In the pre–high-throughput period, column-based oligo synthesis [31] and Sanger sequencing [32, 33] represented the dominant DNA synthesis and DNA sequencing techniques, respectively. At this stage, the high cost ($0.05–0.15 USD per nucleotide in 100-nt synthesis; $1 USD per 600–700 bp per sequencing read) and time-consuming nature of DNA sequencing (an automated Sanger sequencing machine reads 1,000 bases per day) [10, 26] remain the major challenges for DNA-based data storage, preventing its application on larger datasets. Therefore, studies during that time were only conducted as a proof-of-concept on a relatively small scale [2].
From 2000 onwards, on the completion of the Human Genome Project, both DNA synthesis and DNA sequencing techniques were transformed to the high-throughput scale. Array-based oligo synthesis gradually superseded column-based oligo synthesis and was widely commercialized [34–36], largely because of its relatively low cost ($0.00001–0.001 USD per nucleotide synthesis [10]). However, as oligo length increases—presumably because of potential false cross-hybridization during synthesis—the error rate also increases. Moreover, the length of synthesized oligonucleotides is limited to <200-mers; this is because the product yield drops as oligos are elongated thanks to limitations in the efficiency of chemical interactions. Although gene size (200–3,000 bp or above) array-based synthesis has been developed [37], these usually require additional steps for error correction, causing the final cost and time consumed to be high. Consequently, for cost-saving purposes and to reduce the complexity of DNA synthesis, the primary storage unit used in DNA-based data storage is <200 nt.

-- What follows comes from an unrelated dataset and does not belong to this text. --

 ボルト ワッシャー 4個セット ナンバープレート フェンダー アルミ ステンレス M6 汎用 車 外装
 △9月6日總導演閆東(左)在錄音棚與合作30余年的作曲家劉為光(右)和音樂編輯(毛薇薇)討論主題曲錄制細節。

The concept of massively parallel sequencing (or next-generation sequencing [NGS]), a high-throughput sequencing method, was proposed in 2000 [38]. In the following years, sequencing by ligation and by synthesis became major players in the sequencing field. Multiple NGS platforms became commercially available (e.g., 454, Solexa, Complete Genomics), which paved the way for high-throughput DNA-based data storage. However, this emerging technique also comes with limitations. Most NGS platforms require in vitro template amplification with primers to generate a complex template library for sequencing. During this process, copying errors, sequence-dependent biases (e.g., in high-GC and low-GC regions and at long mononucleotide repeats), and information loss (e.g., methylation) are produced [9].

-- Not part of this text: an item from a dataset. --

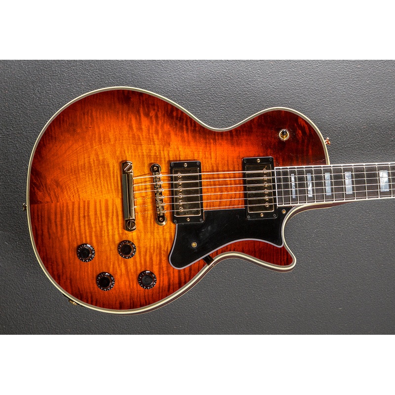 Dark Cherry Sunburst, Vintage gloss nitrocellulose lacquer finish, Premium Curly Maple top on a Mahogany body, Multi-ply top and back binding, 50s C shaped Mahogany neck, Bound 12 radius Ebony fingerboard with the block inlays and medium jumbo frets, 24.75 scale length, 1 11/16th nut width, Heritage Custom Shop 225 Hot Classic humbucking bridge and neck pickups, 3-way toggle switching with the volume and tone controls for each pickup, Tune-o-matic bridge and aluminum stop tailpiece, Heritage cast/sealed tuners, 8.8 pounds, With hardshell case

In 2012, Church and colleagues successfully demonstrated the first application of high-throughput DNA synthesis and NGS in DNA-based data storage [9]. It initiated rapid development of coding schemes incorporating NGS. Two of the most common goals at this stage were how to improve coding efficiency and how to correct sequencing errors.

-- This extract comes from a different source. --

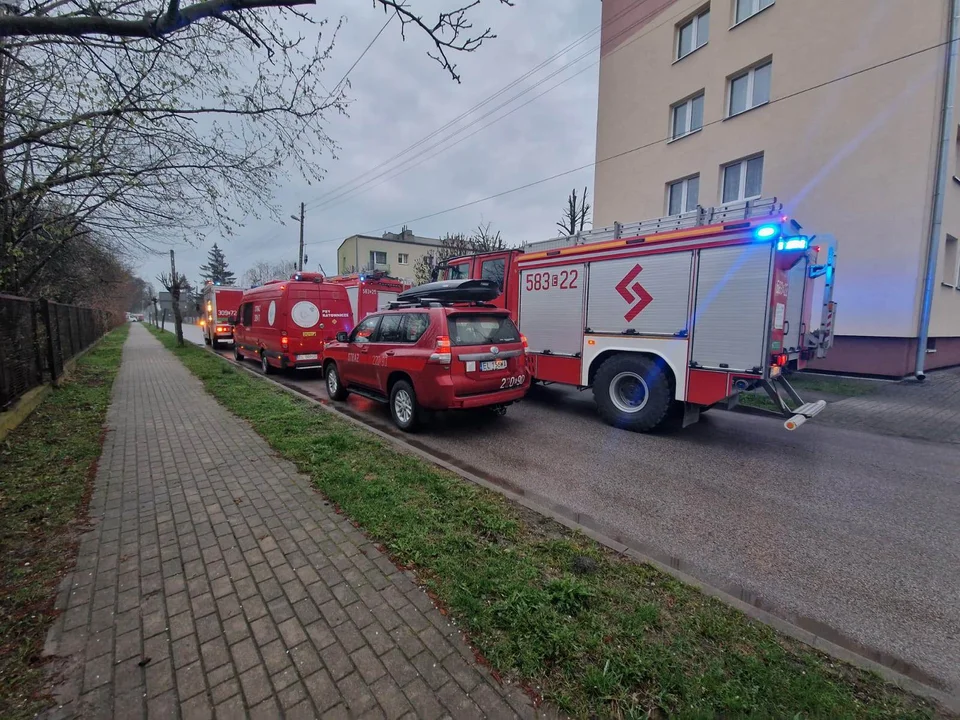 Zostało ewakuowanych 38 osób. Na miejscu pracują 4 zastępy PSP oraz 1 OSP.

While NGS remains dominant, real-time, single-molecule sequencing (or third-generation sequencing) is continually evolving [39, 40]. Despite its relatively high sequencing error rate (∼10%), it is reportedly capable of long read-length sequencing, high-GC tolerant, and generates only random errors [28]. These characteristics mean it outperforms NGS counterparts and make it ideal for data retrieval in DNA-based data storage. In 2017, Yazdi et al. used Oxford Nanopore MinION technology to retrieve data stored in DNA, showing optimal robustness and high efficiency [28]. This study implies a possible shift from NGS to single-molecule sequencing because of its potential for compactness and stand-alone DNA data storage systems [13, 30]. Table 2 summarizes the frequently used sequencing platforms in DNA-based data storage. Recently, Oxford Nanopore Technologies announced plans to develop a “DNA writing” technique using their Nanopore technology. Using the same platform to both read and write, they claim it will be possible to selectively modify native bases and stimulate localized reactions, such as light pulses for encoding, which will provide real-time read and write capabilities for DNA-based data storage [41].
Table 2:
Summary of frequently used sequencing platforms in DNA-based data storage (data retrieved from [42])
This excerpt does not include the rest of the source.